NIST identifies five key characteristics of cloud computing: on-demand self-service, network access, resource pooling, elasticity, and metered service. These pillars explain the success of the global cloud market of 912 billion in 2025

In less than twenty years, the cloud has gone from a curiosity to an indispensable infrastructure. According to Precedence Research, the global market will reach 912 billion dollars in 2025 and will exceed 5.1 trillion in 2034. In Europe, the expected spending for 2025 will be almost 202 billion dollars. At the base of this success are five characteristics, identified by the NIST (National Institute of Standards and Technology): on-demand self-service, network access, shared resource pool, elasticity and measured service.

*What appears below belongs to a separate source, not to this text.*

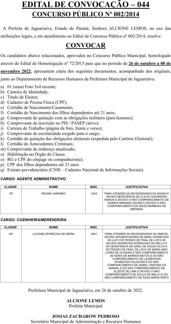 Edital de Convocação 044 – Concurso Público 002/2014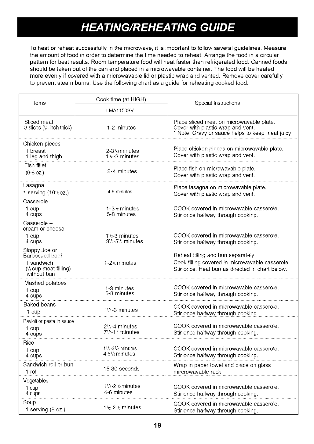 HEATING/REHEATING GUIDE .............................................................................................................................. 19

Understanding them means understanding why the cloud is the engine of digital transformation.

On-demand self-service: instant provisioning

The journey through the five pillars starts with the ability to put IT in the hands of users.

Without instant provisioning, the other benefits of the cloud remain potential. Users can turn resources on and off with a click or via API, without tickets or waiting. Provisioning a VM, database, or Kubernetes cluster takes seconds, not weeks, reducing time to market and encouraging continuous experimentation. A DevOps team that releases microservices multiple times a day or a fintech that tests dozens of credit-scoring models in parallel benefit from this immediacy. In OPIT labs, students create complete Kubernetes environments in two minutes, run load tests, and tear them down as soon as they’re done, paying only for the actual minutes.

Similarly, a biomedical research group can temporarily allocate hundreds of GPUs to train a deep-learning model and release them immediately afterwards, without tying up capital in hardware that will age rapidly. This flexibility allows the user to adapt resources to their needs in real time. There are no hard and fast constraints: you can activate a single machine and deactivate it when it is no longer needed, or start dozens of extra instances for a limited time and then release them. You only pay for what you actually use, without waste.

Wide network access: applications that follow the user everywhere

Once access to resources is made instantaneous, it is necessary to ensure that these resources are accessible from any location and device, maintaining a uniform user experience. The cloud lives on the network and guarantees ubiquity and independence from the device.

A web app based on HTTP/S can be used from a laptop, tablet or smartphone, without the user knowing where the containers are running. Geographic transparency allows for multi-channel strategies: you start a purchase on your phone and complete it on your desktop without interruptions. For the PA, this means providing digital identities everywhere, for the private sector, offering 24/7 customer service.

Broad access moves security from the physical perimeter to the digital identity and introduces zero-trust architecture, where every request is authenticated and authorized regardless of the user’s location.

All you need is a network connection to use the resources: from the office, from home or on the move, from computers and mobile devices. Access is independent of the platform used and occurs via standard web protocols and interfaces, ensuring interoperability.

Shared Resource Pools: The Economy of Scale of Multi-Tenancy

Ubiquitous access would be prohibitive without a sustainable economic model. This is where infrastructure sharing comes in.

The cloud provider’s infrastructure aggregates and shares computational resources among multiple users according to a multi-tenant model. The economies of scale of hyperscale data centers reduce costs and emissions, putting cutting-edge technologies within the reach of startups and SMBs.

Pooling centralizes patching, security, and capacity planning, freeing IT teams from repetitive tasks and reducing the company’s carbon footprint. Providers reinvest energy savings in next-generation hardware and immersion cooling research programs, amplifying the collective benefit.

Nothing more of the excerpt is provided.